Under pressure to meet tight deadlines for reviewing and approving a growing volume of applications for new drugs, generics, and medical products, FDA is rejecting submissions that are incomplete or unsatisfactory right from the start. Review staffers are refusing to file (or receive or accept) applications until the sponsor provides all data and information needed to conduct more one-cycle reviews. With the rise in breakthrough drugs and treatments for rare conditions that qualify for accelerated or priority reviews, the agency has become more rigorous in scrutinizing applications for completeness before starting a formal assessment.

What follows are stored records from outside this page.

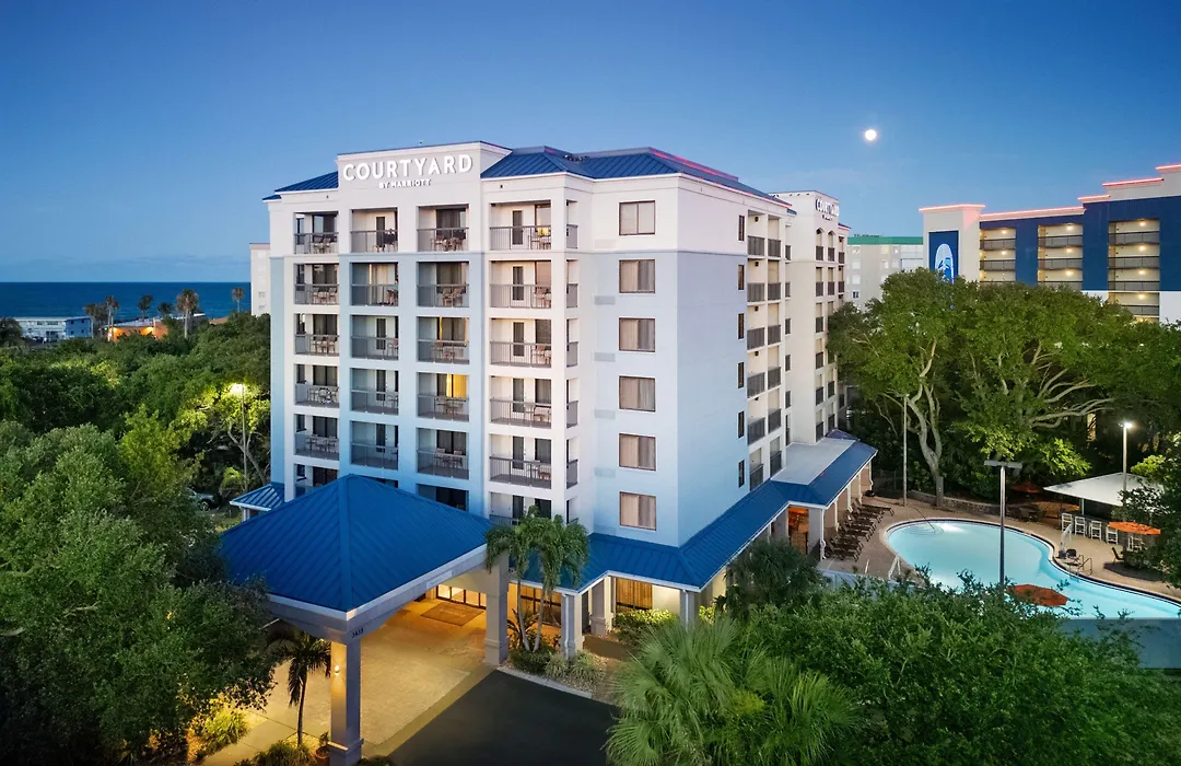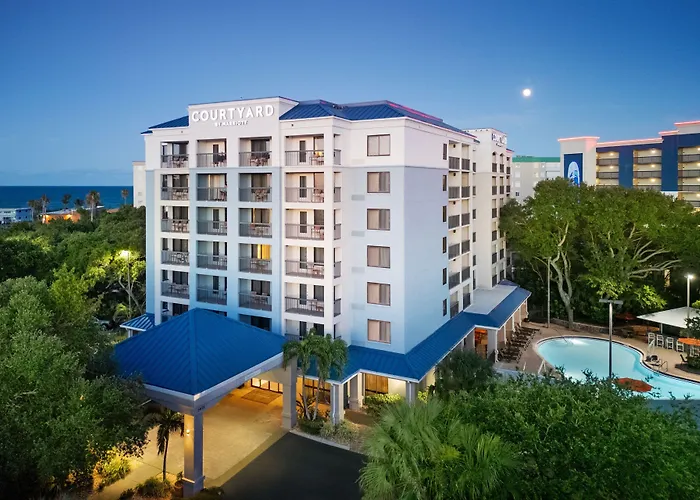 Courtyard By Marriott Cocoa Beach Cape Canaveral, a 3-star Cocoa Beach hotel with an 8.5/10 Booking.com rating, offers direct beachside access to the Atlantic Ocean and is minutes from Port Canaveral. It features a state-of-the-art lobby, outdoor pool, and a fitness center, providing an array of amenities for both leisure and business travelers.
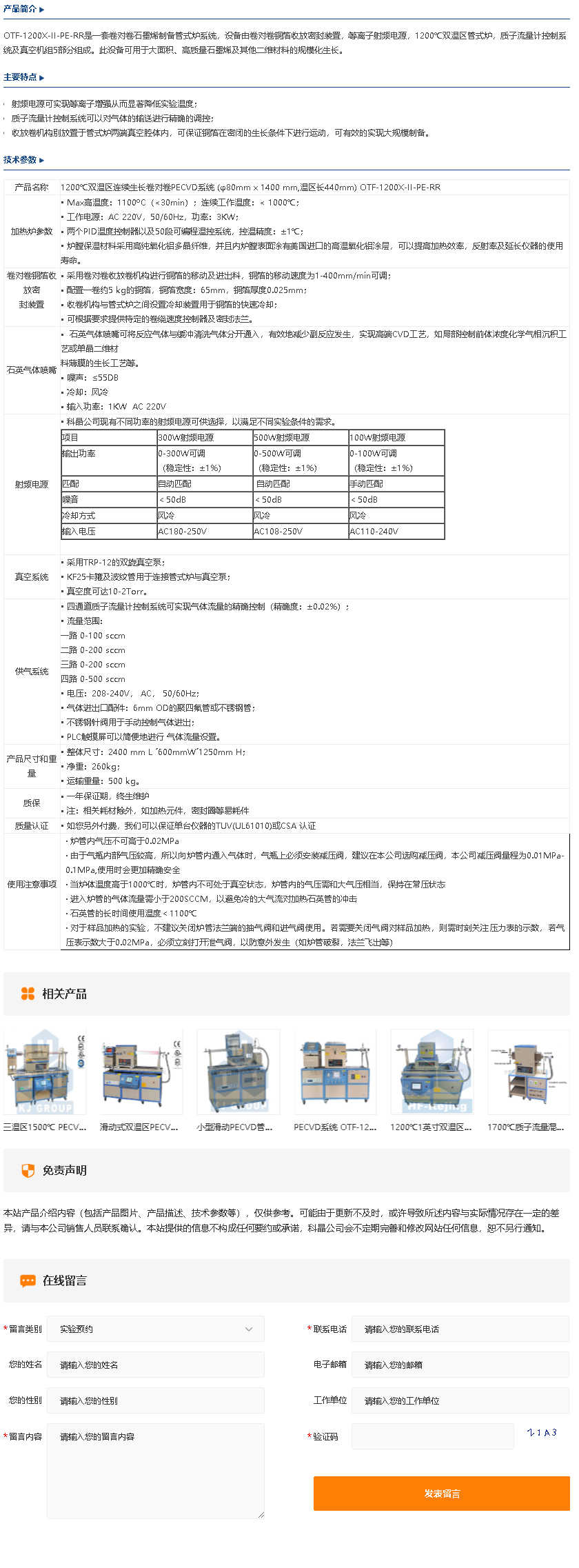1200℃双温区连续生长卷对卷PECVD系统 OTF-1200X-II-PE-RR
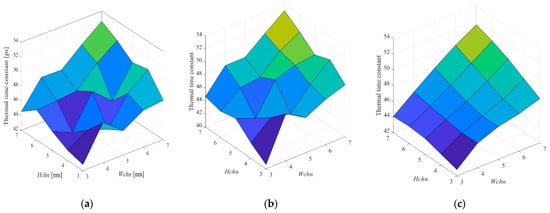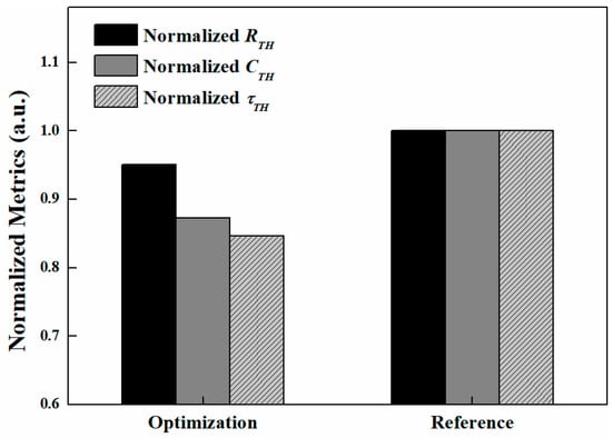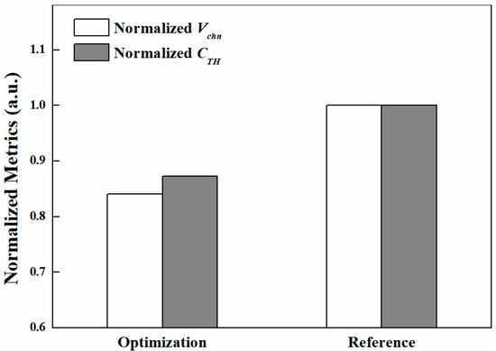 Figure 11 shows that the optimized structure has a smaller τTH than the reference structure. The reference structure in the figure also indicates the structure before the optimization, which is also depicted in Figure 1. As seen in the figure, the RTH value remains almost unchanged (~5%) but perhaps slightly decreased, which is the result of the constrained condition of the algorithm. Unlike the trend of the RTH, the optimized structure has a relatively decreased CTH value, which contributes to the reduction of τTH. Since the heat generated by the SHE is confined and transported within the volume of the channel (Vchn), the heat capacity is proportional to the Vchn. As shown in Figure 12, the optimized structure has a smaller channel volume than the reference structure of the GAAFET. Furthermore, it can be seen from Figure 12 that the decrease in CTH is similar to the decrease in Vchn. Thus, the decrease in the channel volume after optimization is the main contributor to the smaller CTH value, which results in the decrease in τTH properties. The thermal characteristics before and after optimization are compared in Figure 13 and Figure 14.
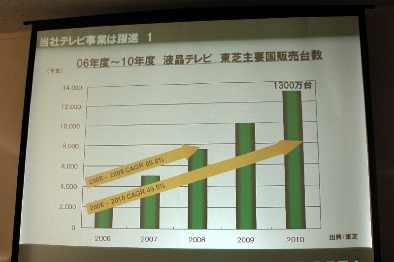東芝の出典による「06年度から10年度の液晶テレビ 東芝主要国販売台数」予測

This means more refusal-to-file (RTF) letters to sponsors. That can be devastating for companies like Celgene Corp., which recently disclosed that FDA rejected an application for its promising new multiple sclerosis therapy ozanimod. Celgene explained in a press release that FDA found its nonclinical and clinical pharmacology data in the application “insufficient to permit a complete review.” The firm hoped to meet with review staff as soon as possible to learn what additional information was needed to resubmit the NDA.

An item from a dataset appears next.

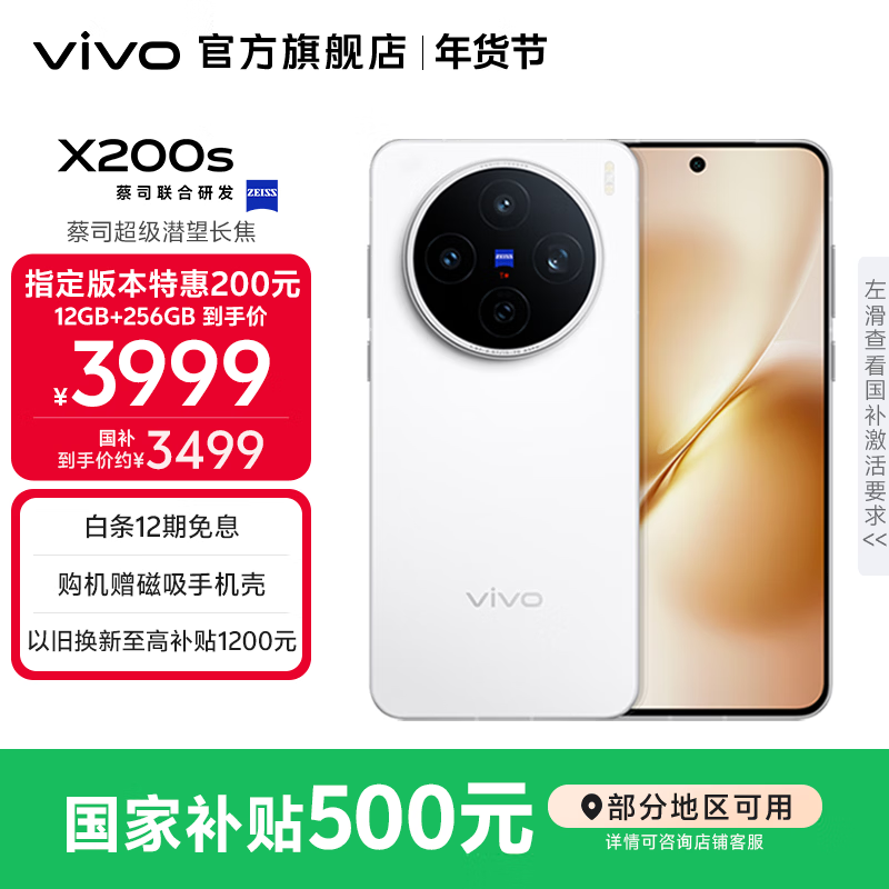 vivo X200s 蔡司超级潜望长焦 胶片Live人像 湿手秒开超声波指纹 6200mAh蓝海电池 天玑9400+手机 国补 直白 12GB+256GB 官方标配

Many sponsors don’t publicly announce receipt of an RTF letter, preferring to keep the rejection private unless it has a “material” impact on the firm’s finances, which often is the case for smaller biopharma companies. FDA reports that it issued more than 70 RTF letters for drugs between 2010 and 2017, but less than half were publicly acknowledged by firms. Some RTFs may apply to supplemental applications, where rejection may have less impact on the firm.

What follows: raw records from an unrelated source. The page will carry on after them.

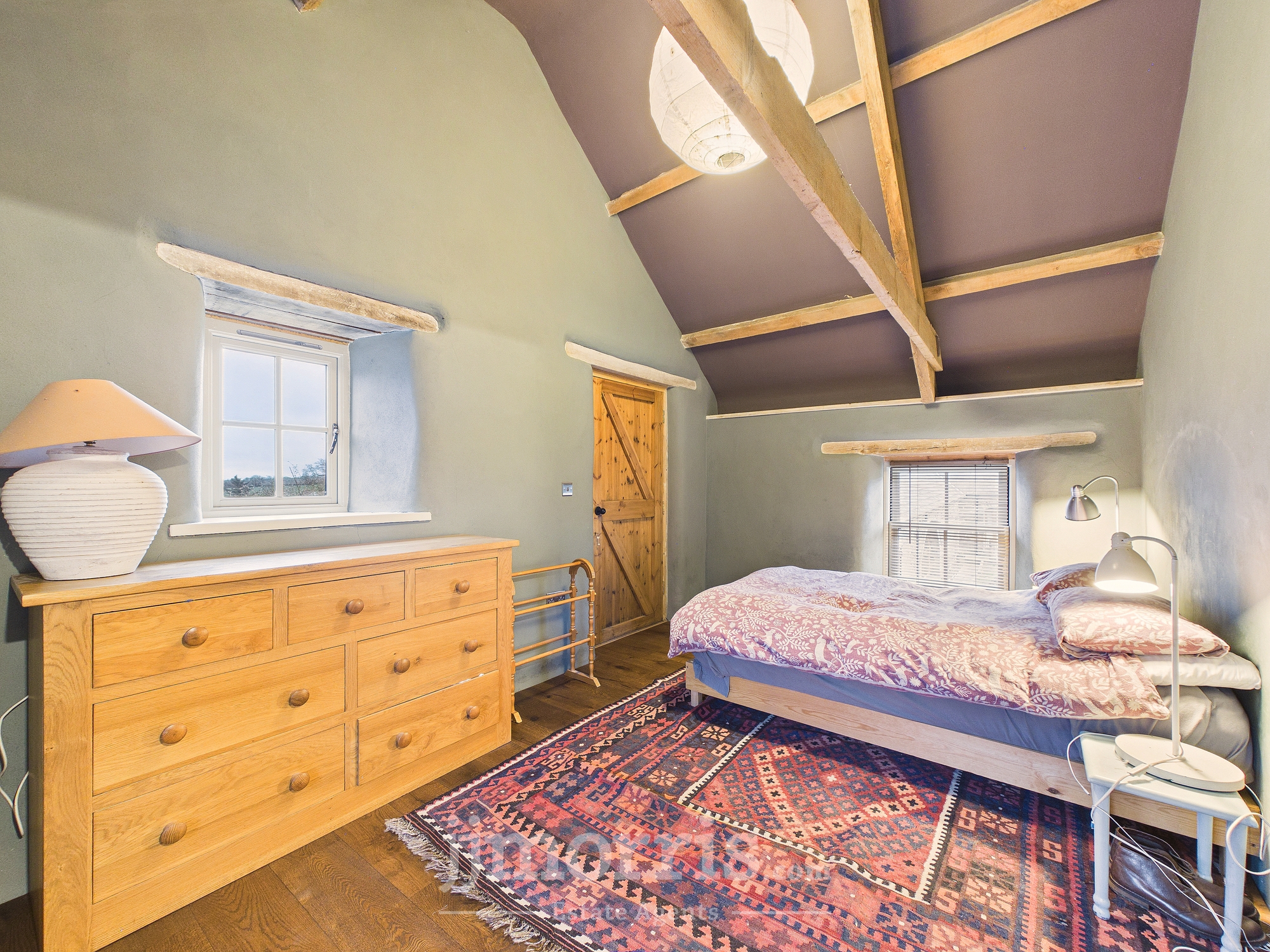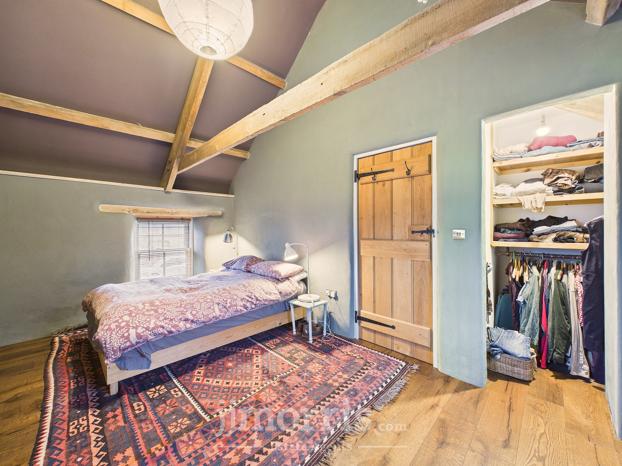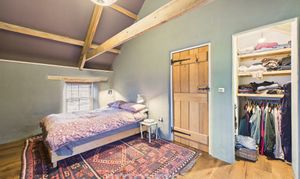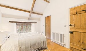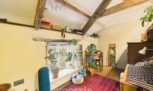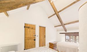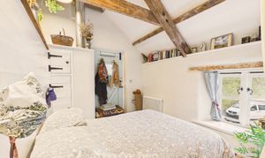 Exposed beams, engineered oak flooring, wooden sash windows to the front and rear and side, radiator, walk-in wardrobe. Exterior door.
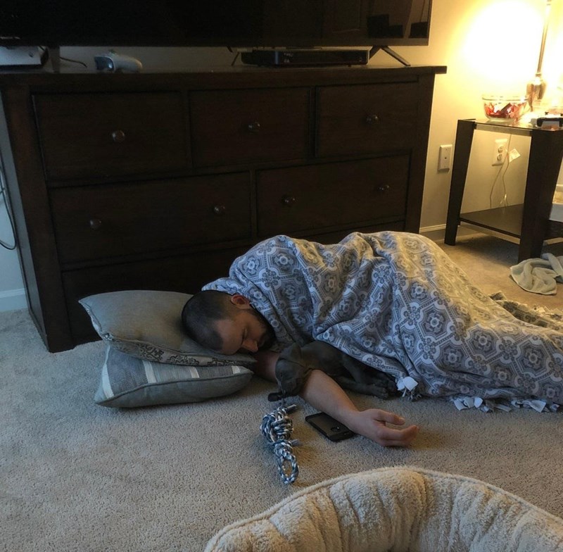 "Got a new puppy and he doesn’t like sleeping alone. Came downstairs to this"
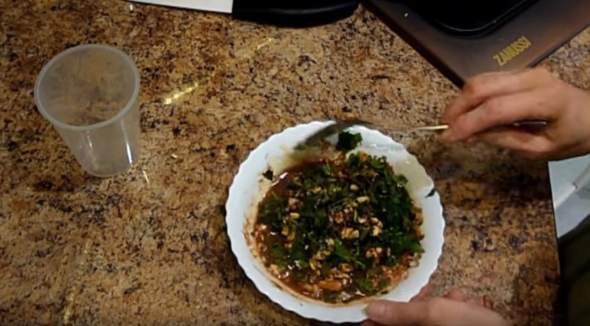 Приступити до готування пряної заправки: дрібно порубати горіхів, змішати з перцем, гвоздикою, корицею, імбиром. Залити оцтом. Перемішати, додати зелень.![]()
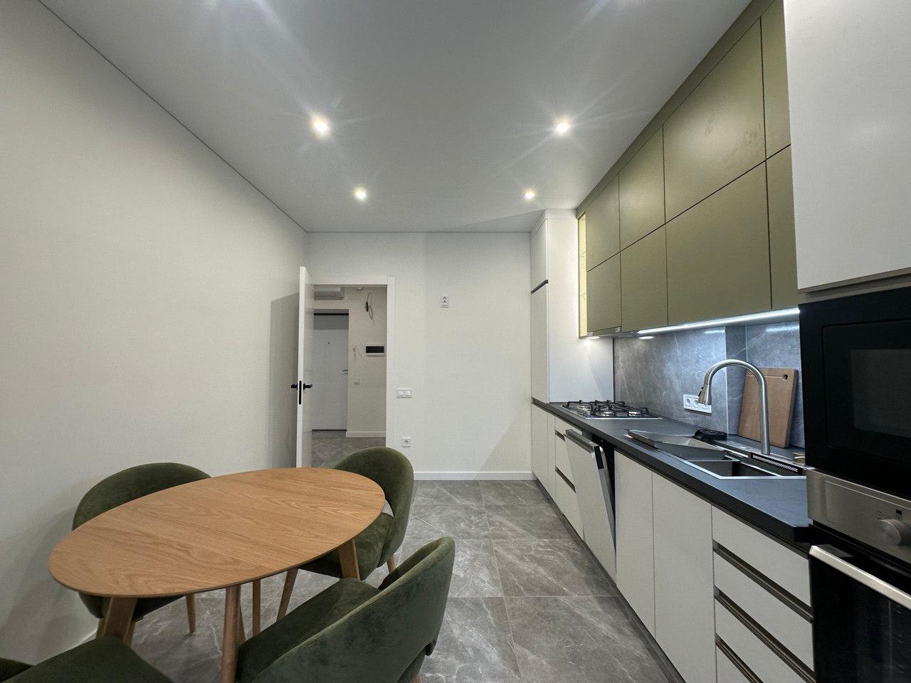 Повністю укомплектована меблями та технікою: * Газова плита * Посудомийна машина * Інверторний кондиціонер * Духова шафа * Мікрохвильова піч * Пральна машина * Холодильник * Підігрів підлоги Заходь і живи! Квартира не потребує жодних вкладень — усе зроблено зі смаком.

While cracking down on submissions that fail to meet standards, FDA also is offering more advice and assistance to help sponsors get applications right the first time. The Center for Drug Evaluation and Research (CDER) issued draft guidance in December 2017 explaining the purpose of its RTF policy and clarifying what qualifies as “incomplete” in an application [see https://www.fda.gov/downloads/Drugs/GuidanceComplianceRegulatoryInformation/Guidances/UCM588242.pdf ]. FDA notes that RTF letters reflect not just inadequate data, but “omissions of clearly necessary information” that prevent further review action. CDER and industry agreed to tighten up requirements for “complete” applications as part of a program to improve its first-cycle review process under the Prescription Drug User Fee Act (PDUFA) program of 2012. That policy gives CDER 60 days to file a submission or inform the applicant of an RTF decision; sponsors have 30 days during this period to submit missing information to avoid such action. One rationale for rejecting applications upfront is to inform the sponsor more quickly of deficiencies that will prevent approval, rather than waiting to issue a complete response letter at the end of the review process.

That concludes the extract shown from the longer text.